# TRY IT
Although the data below holds other lines too, output only those from the line with "Komoda RADIUM 45" up to and including the line with "3个市级公共服务中心:普宁城区、东部创新城和北二环公共服务中心", exactly as they appear.

# EXTRACTED ENTRIES
■ ■ ■ ■ ■ ■ ■

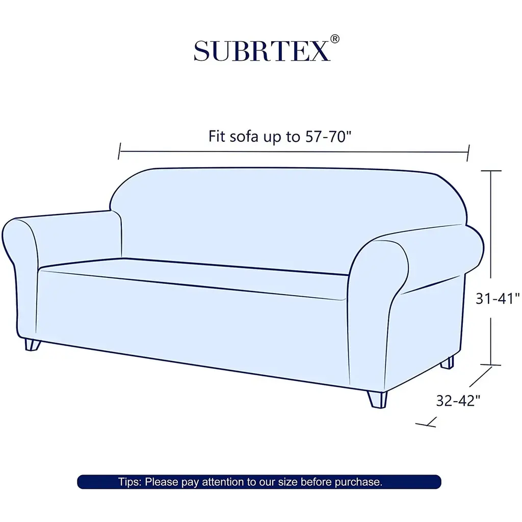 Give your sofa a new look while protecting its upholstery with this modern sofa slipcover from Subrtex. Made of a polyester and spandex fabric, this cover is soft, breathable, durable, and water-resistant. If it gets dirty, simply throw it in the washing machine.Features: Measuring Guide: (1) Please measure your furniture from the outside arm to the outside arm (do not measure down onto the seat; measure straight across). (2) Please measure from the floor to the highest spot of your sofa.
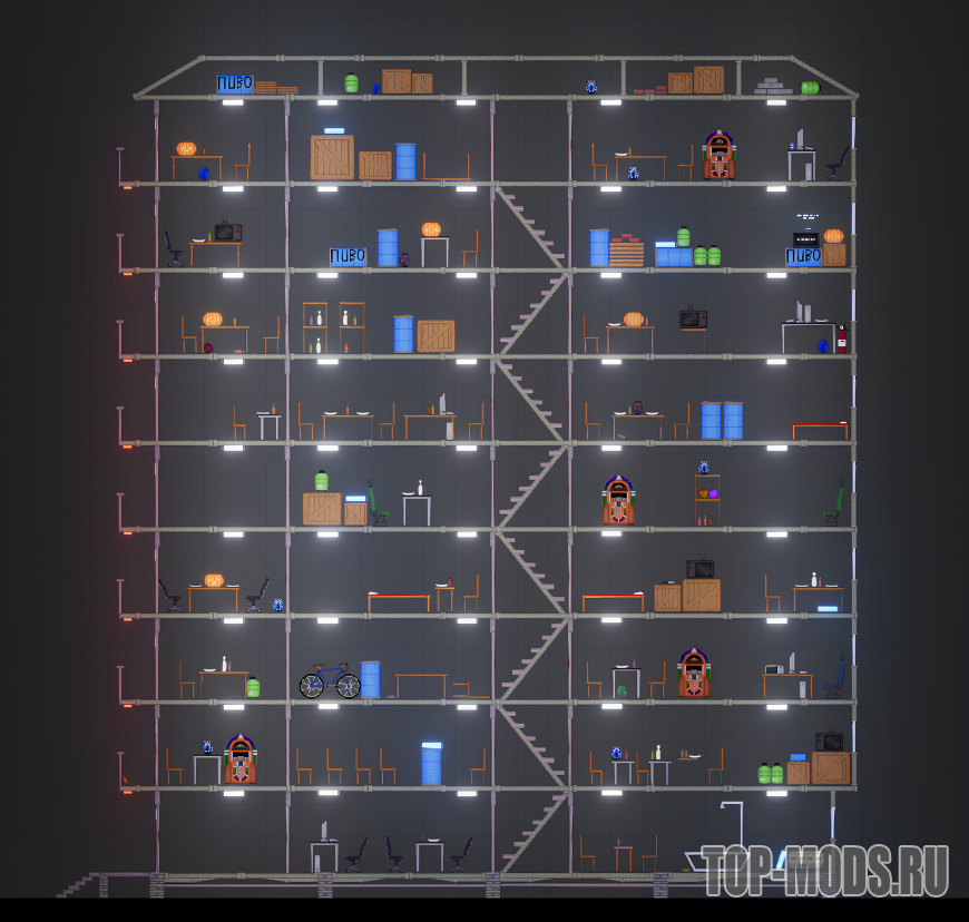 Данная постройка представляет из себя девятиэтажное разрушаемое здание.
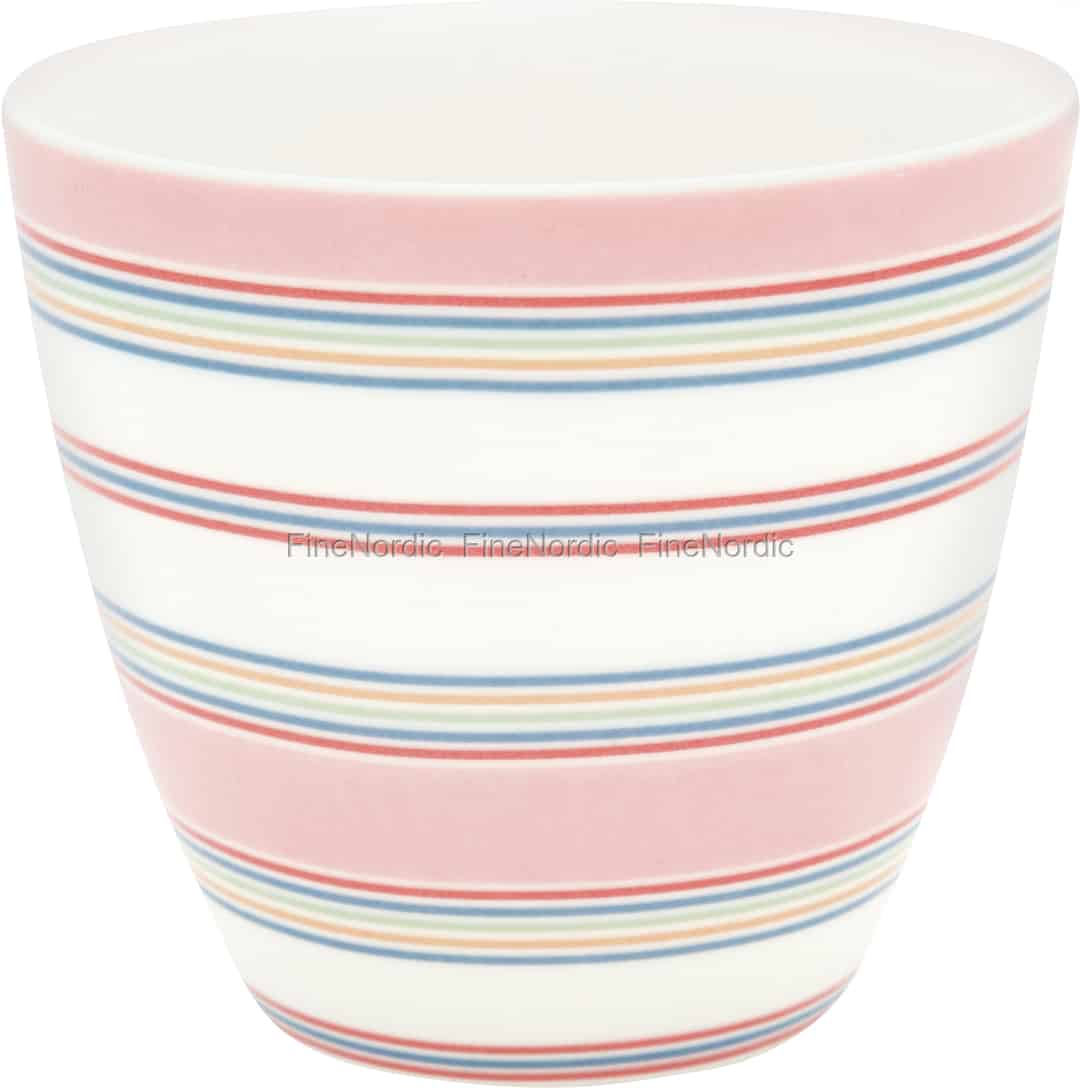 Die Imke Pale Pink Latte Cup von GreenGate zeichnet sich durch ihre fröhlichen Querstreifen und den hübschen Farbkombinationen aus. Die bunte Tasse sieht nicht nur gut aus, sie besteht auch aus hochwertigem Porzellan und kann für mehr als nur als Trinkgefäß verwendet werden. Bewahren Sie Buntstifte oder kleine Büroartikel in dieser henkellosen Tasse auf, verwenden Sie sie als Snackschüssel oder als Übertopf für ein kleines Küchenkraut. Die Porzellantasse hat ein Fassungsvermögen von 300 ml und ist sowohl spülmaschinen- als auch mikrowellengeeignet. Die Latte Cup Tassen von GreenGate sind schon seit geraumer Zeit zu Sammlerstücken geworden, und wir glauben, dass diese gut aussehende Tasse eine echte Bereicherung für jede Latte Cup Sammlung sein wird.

■ ■ ■ ■ ■ ■ ■

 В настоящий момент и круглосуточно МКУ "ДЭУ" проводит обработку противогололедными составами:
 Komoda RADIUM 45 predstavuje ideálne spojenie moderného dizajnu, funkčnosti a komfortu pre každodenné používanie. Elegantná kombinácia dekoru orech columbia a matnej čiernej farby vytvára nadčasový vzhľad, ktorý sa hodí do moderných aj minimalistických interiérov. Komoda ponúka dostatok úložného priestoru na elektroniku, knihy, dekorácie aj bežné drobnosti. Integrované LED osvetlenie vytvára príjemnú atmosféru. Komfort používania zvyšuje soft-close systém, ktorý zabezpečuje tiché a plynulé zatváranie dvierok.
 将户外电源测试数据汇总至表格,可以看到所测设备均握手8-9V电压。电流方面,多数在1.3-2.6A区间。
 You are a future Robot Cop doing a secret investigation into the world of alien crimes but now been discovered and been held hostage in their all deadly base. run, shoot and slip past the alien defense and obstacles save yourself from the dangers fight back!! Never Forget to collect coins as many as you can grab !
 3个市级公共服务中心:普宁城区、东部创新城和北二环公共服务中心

■ ■ ■ ■ ■ ■ ■

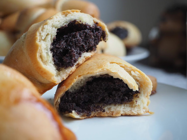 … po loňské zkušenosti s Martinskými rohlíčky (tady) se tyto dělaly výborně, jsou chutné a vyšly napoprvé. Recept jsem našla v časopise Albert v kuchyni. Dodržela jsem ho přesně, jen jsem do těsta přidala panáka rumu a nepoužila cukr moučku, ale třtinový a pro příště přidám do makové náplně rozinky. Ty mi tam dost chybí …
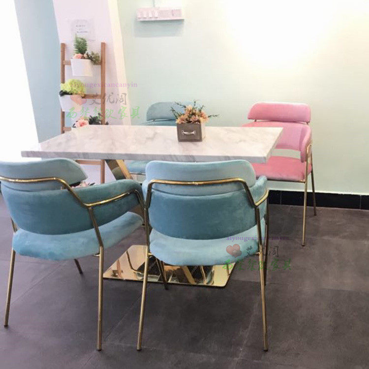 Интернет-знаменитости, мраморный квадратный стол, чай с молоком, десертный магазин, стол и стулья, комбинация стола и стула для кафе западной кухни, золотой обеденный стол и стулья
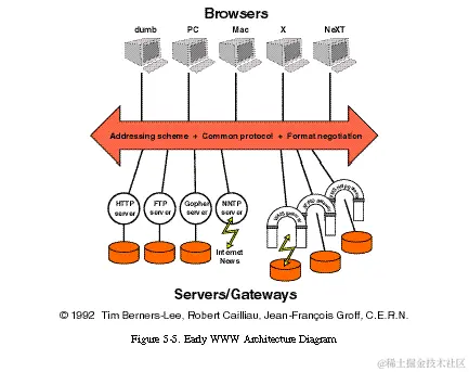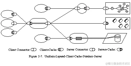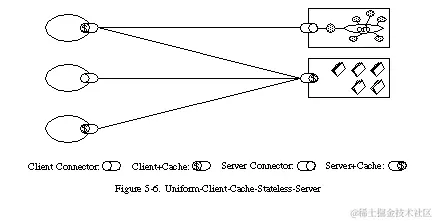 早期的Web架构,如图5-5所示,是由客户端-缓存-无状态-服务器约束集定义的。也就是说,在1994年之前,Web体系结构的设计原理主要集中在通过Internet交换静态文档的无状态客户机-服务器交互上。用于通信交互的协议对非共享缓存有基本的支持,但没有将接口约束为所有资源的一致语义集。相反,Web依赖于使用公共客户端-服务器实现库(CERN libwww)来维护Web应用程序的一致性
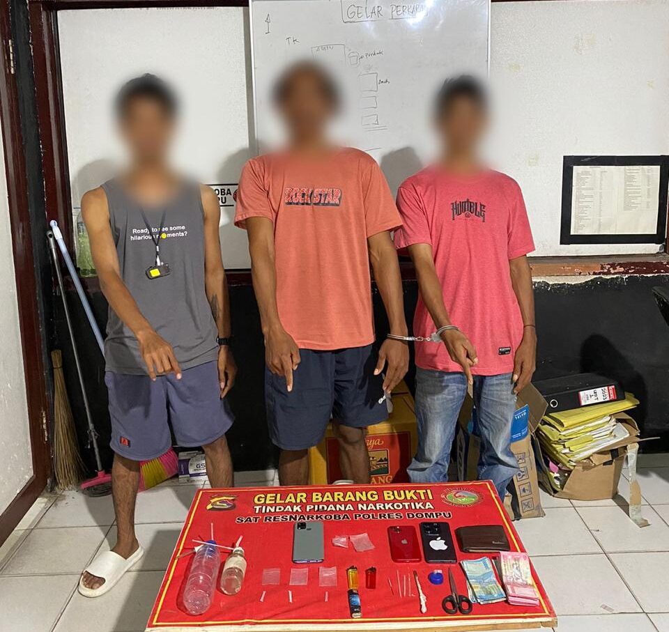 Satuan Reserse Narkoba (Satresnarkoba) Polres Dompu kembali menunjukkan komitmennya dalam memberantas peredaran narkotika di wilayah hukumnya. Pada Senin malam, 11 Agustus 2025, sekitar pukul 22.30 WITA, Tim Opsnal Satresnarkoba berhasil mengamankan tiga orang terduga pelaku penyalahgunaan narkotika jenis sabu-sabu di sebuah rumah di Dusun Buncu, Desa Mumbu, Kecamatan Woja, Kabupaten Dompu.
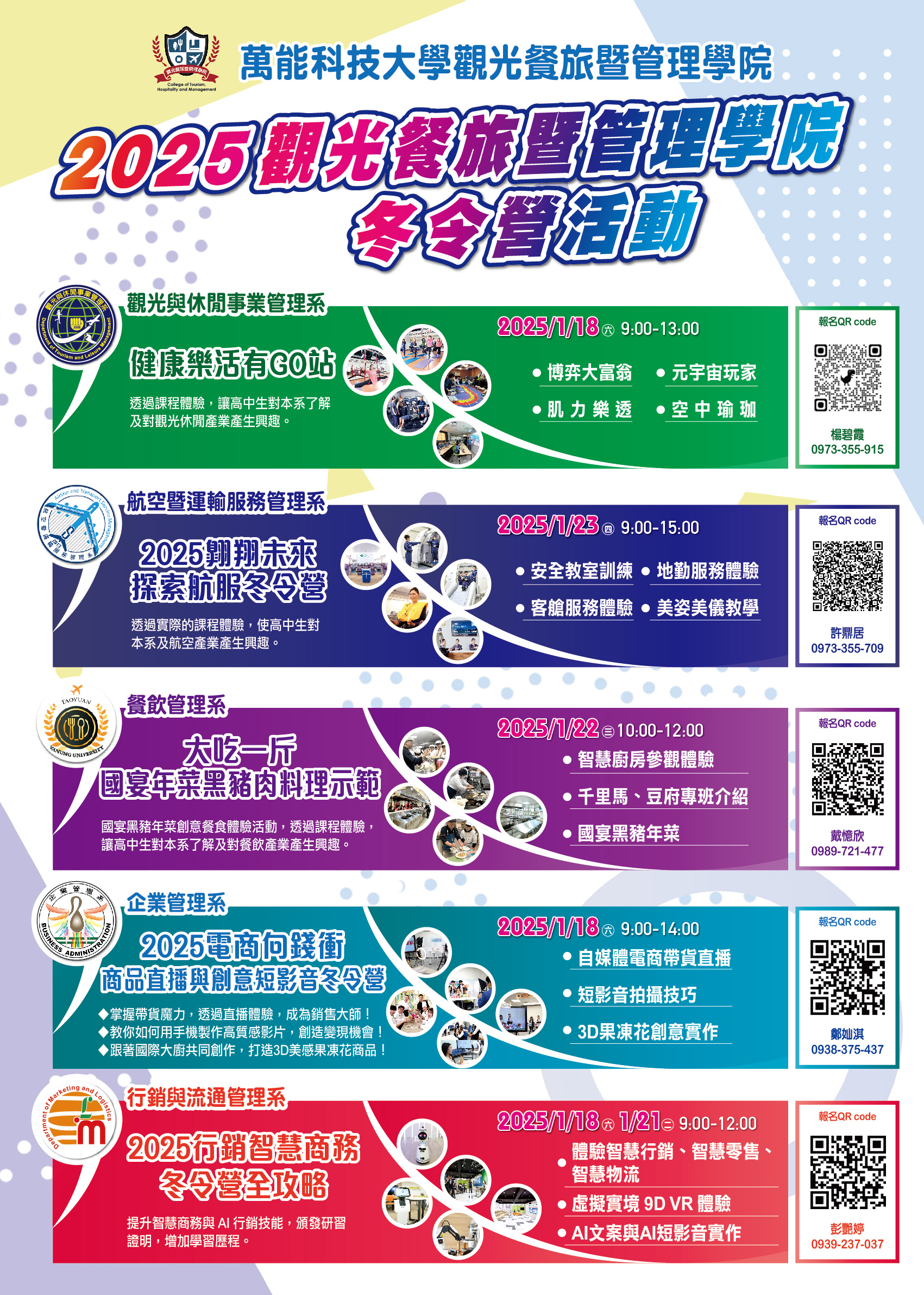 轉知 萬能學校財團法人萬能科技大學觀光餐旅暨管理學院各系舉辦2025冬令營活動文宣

■ ■ ■ ■ ■ ■ ■

# TASK SOLUTION
 Komoda RADIUM 45 predstavuje ideálne spojenie moderného dizajnu, funkčnosti a komfortu pre každodenné používanie. Elegantná kombinácia dekoru orech columbia a matnej čiernej farby vytvára nadčasový vzhľad, ktorý sa hodí do moderných aj minimalistických interiérov. Komoda ponúka dostatok úložného priestoru na elektroniku, knihy, dekorácie aj bežné drobnosti. Integrované LED osvetlenie vytvára príjemnú atmosféru. Komfort používania zvyšuje soft-close systém, ktorý zabezpečuje tiché a plynulé zatváranie dvierok.
 将户外电源测试数据汇总至表格,可以看到所测设备均握手8-9V电压。电流方面,多数在1.3-2.6A区间。
 You are a future Robot Cop doing a secret investigation into the world of alien crimes but now been discovered and been held hostage in their all deadly base. run, shoot and slip past the alien defense and obstacles save yourself from the dangers fight back!! Never Forget to collect coins as many as you can grab !
 3个市级公共服务中心:普宁城区、东部创新城和北二环公共服务中心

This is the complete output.